Massimo De Carlo is pleased to present A great sufficiency, Peter Schuyff’s first solo exhibition with the gallery in London.

The exhibition brings together works shaped by counting, repetition, and sustained manual work, treating painting as a self-contained economy of labour and attention. The title points to a sense of fullness - neither too much nor too little - and reflects Schuyff’s resistance to over-explanation, as well as his belief that painting finds its meaning through the act of making itself.

“Function is a much better word than meaning,” Schuyff says. His paintings operate directly - visually, optically, physically - engaging the eye and the body. What they produce may vary, from pleasure to strain or fatigue, but the emphasis remains on the fact that something happens.

Many of the works in the exhibition are linked by systems of counting and measuring. Titles such as Ninety six nurses (2024), One hundred golden eggs (2024), and Gross miscarriage (2024) read almost as records or inventories. A “gross” means twelve dozen, or 144, a unit once used to count everyday goods like eggs or nails.
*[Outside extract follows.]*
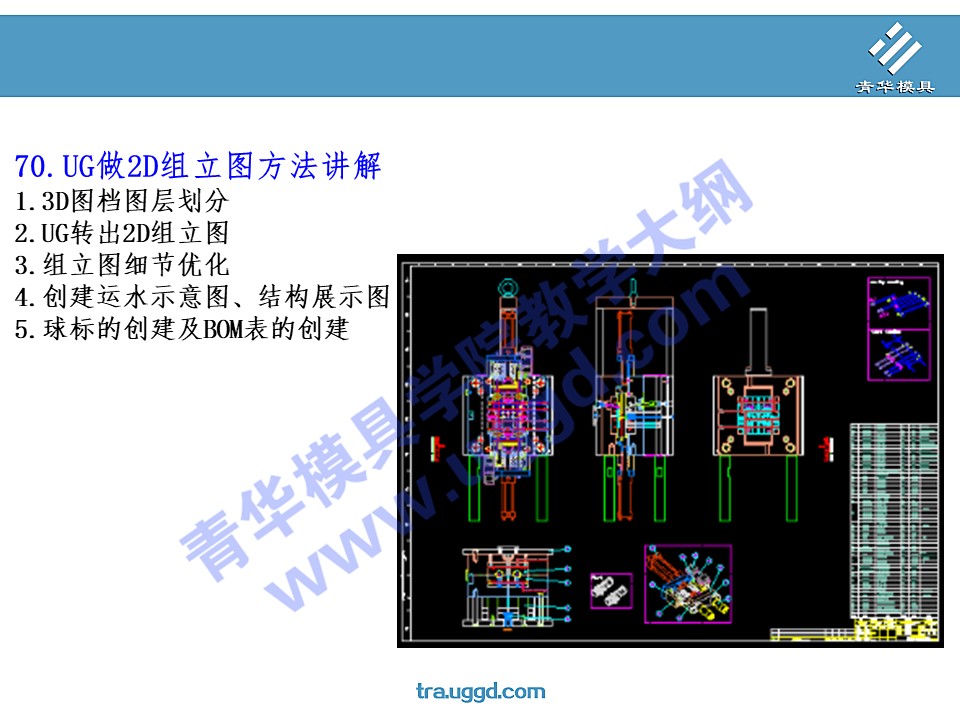 • 首页>课程大纲 >塑胶模具设计>UG塑胶模具设计第三阶段 >70.UG做2D组立图方法讲解
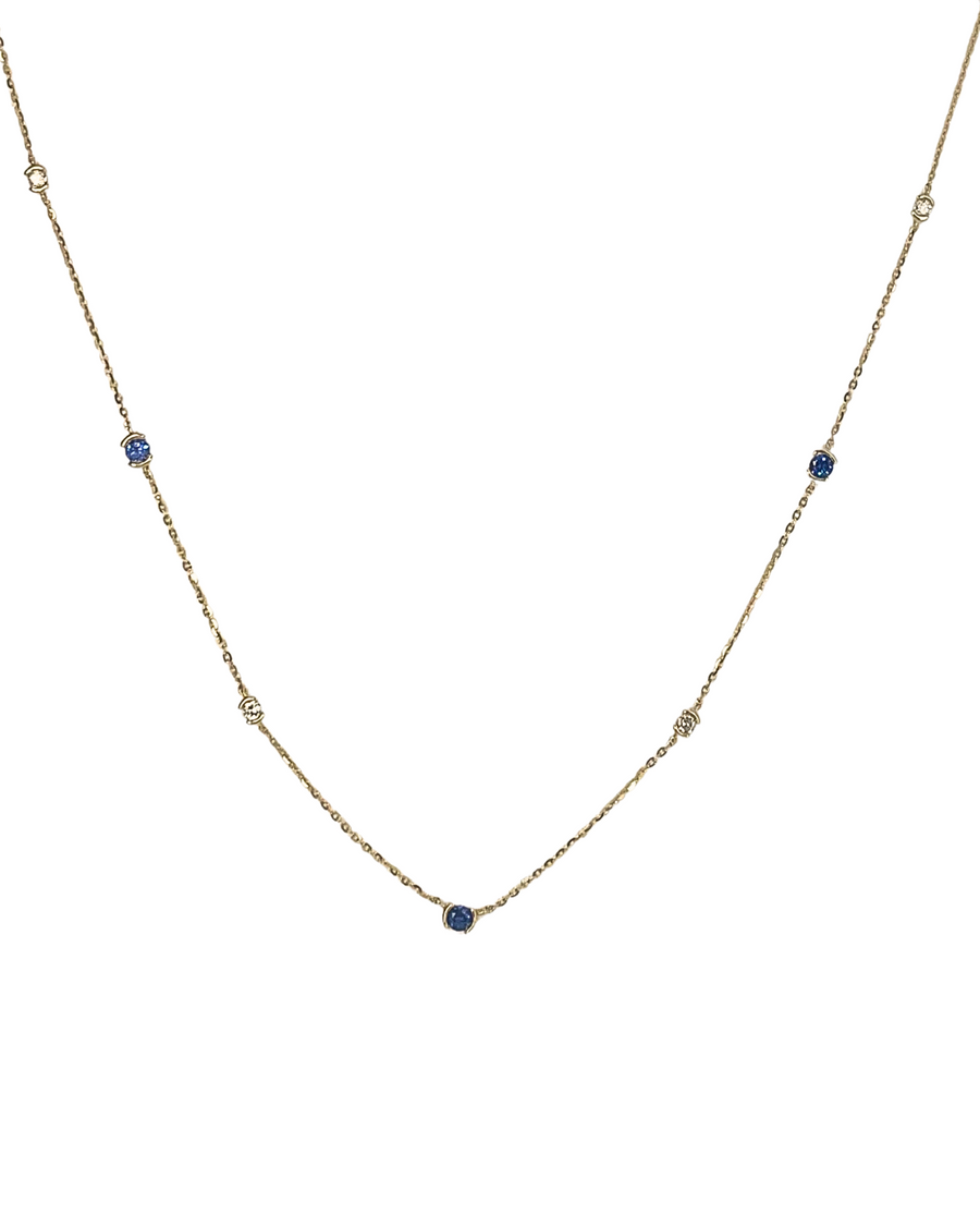 14KY, Station Necklace, 18", 4 RBC dia = .12ctw, 3 RBC nat blue saph (heat) = .24 ctw

DC (2024) points to six hundred, written in Roman numerals. The numbers mark the units Schuyff works with, linking the paintings to a logic of accumulation based on repetition and duration.

Several works from 2024 are densely worked, their surfaces punctuated by small points of light that slow the eye. The optical effect is a result rather than a plan. “I wanted to stop thinking and keep my hands busy,” Schuyff explains. Built over weeks through the repetition of a single gesture, the paintings gradually gather a different kind of intensity. “It’s like a stone in your pocket,” he says. “At a certain point it becomes gold. It becomes shiny. It becomes heavy.”

A sense of visual instability in the works emerges from touch and time rather than design. The surfaces unsettle the eye because they have been worked again and again. Looking slows down, becoming more attentive. The paintings ask the viewer to remain.

Schuyff is also open about the circumstances in which these works tend to be made. “They’re not the paintings I make when I’m really happy,” he says. “They are therapy.” This is not offered as confession, but as context. For Schuyff, painting is a form of persistence rather than expression. He has described himself as “more an athlete than a poet.”Across a career that began in New York in the 1980s and moved through Neo-Geo and beyond, Schuyff has avoided fixed positions and categories. Now based between Amsterdam, Netherlands, and Bari, Italy, but still culturally shaped by New York, he works at a slight remove from place and narrative. That distance allows him to remain attentive to what painting can still do, on its own terms.

A great sufficiency does not seek to demonstrate painting’s relevance or argue for its necessity. It takes it as given. The exhibition asks little of the viewer beyond time and attention. What the exhibition offers instead is a complete act of painting, carried forward through measure and repetition until it reaches a point where nothing more is needed. This is what Schuyff calls “a great sufficiency”.